We accepted the assignment and met with the executive producers. Here’s where it got a little weird. The two executive producers were Bruce Geller (who created MISSION IMPOSIBLE) and Joseph Barbera (one half of Hanna-Barbera, the animation mill that turned out Huckleberry Hound, Yogi Bear, the Flintstones, Jetsons, etc.). Kind of an odd pairing. Apparently the idea for the original movie was Barbera’s so that’s how he got involved. Bruce Geller’s involvement? I have no idea.
They met with us and told us what they wanted. The realism of MASH. It shouldn’t feel sitcommy. The humor had to come out of attitudes and real situations. We were to think of this as a drama with comedic touches. Okay.
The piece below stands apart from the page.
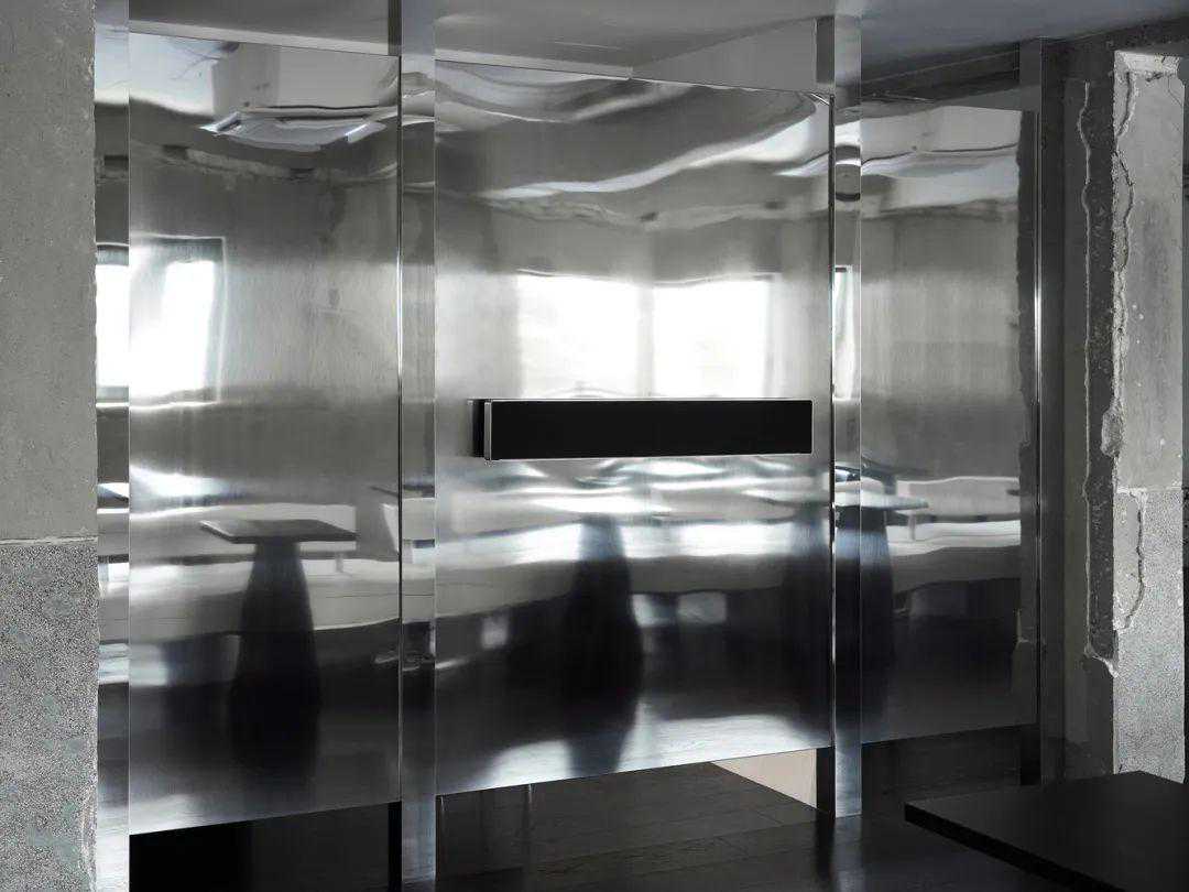 不锈钢(经过抛光处理)中央隔板用于分隔运动线,反射光线并投影在主墙上,以更生动地呈现所要传达的图像。此外,所有引人注目的家具都散发出一种整体的大众感,受到野兽派建筑的启发。

That was fine with us.
Everyone was pleased with our rewrite (despite not doing the gurney gag), and the show was filmed. No actors from the movie participated. Ray Vitte, Joanne Nail, and Joe Penny got the lead roles. I never saw it. The show was not picked up. But that figures because in our entire career we’ve never gotten a show picked up by ABC – we’re talking 30 years, 50 regimes, and three owners.) It aired that year in August on Failure Theater, but I was either busy or just didn’t care. We were uncredited (which was fine).
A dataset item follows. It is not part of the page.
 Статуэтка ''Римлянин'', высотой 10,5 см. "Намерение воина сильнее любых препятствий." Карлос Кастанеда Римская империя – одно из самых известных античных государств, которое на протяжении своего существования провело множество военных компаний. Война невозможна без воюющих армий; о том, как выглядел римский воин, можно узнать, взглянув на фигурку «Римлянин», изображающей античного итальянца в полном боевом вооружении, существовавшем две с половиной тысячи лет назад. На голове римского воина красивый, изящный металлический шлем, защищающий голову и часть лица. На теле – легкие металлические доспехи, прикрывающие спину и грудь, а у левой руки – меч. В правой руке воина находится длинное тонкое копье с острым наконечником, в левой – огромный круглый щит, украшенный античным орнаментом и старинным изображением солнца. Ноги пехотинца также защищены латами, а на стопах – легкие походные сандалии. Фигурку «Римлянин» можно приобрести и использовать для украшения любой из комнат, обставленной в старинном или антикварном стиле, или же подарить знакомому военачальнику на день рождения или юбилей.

The real kick for me was being in a story session with Joe Barbera. Yeah, his gag was absurd. But as a kid I loved Hanna-Barbera cartoons (I still do). I would drive by their complex on West Cahuenga Boulevard in the valley and wish that I could work there. Or even get a tour. And now I was in a room with the man himself. And he was pitching me Top Cat. Dreams sometimes do come true.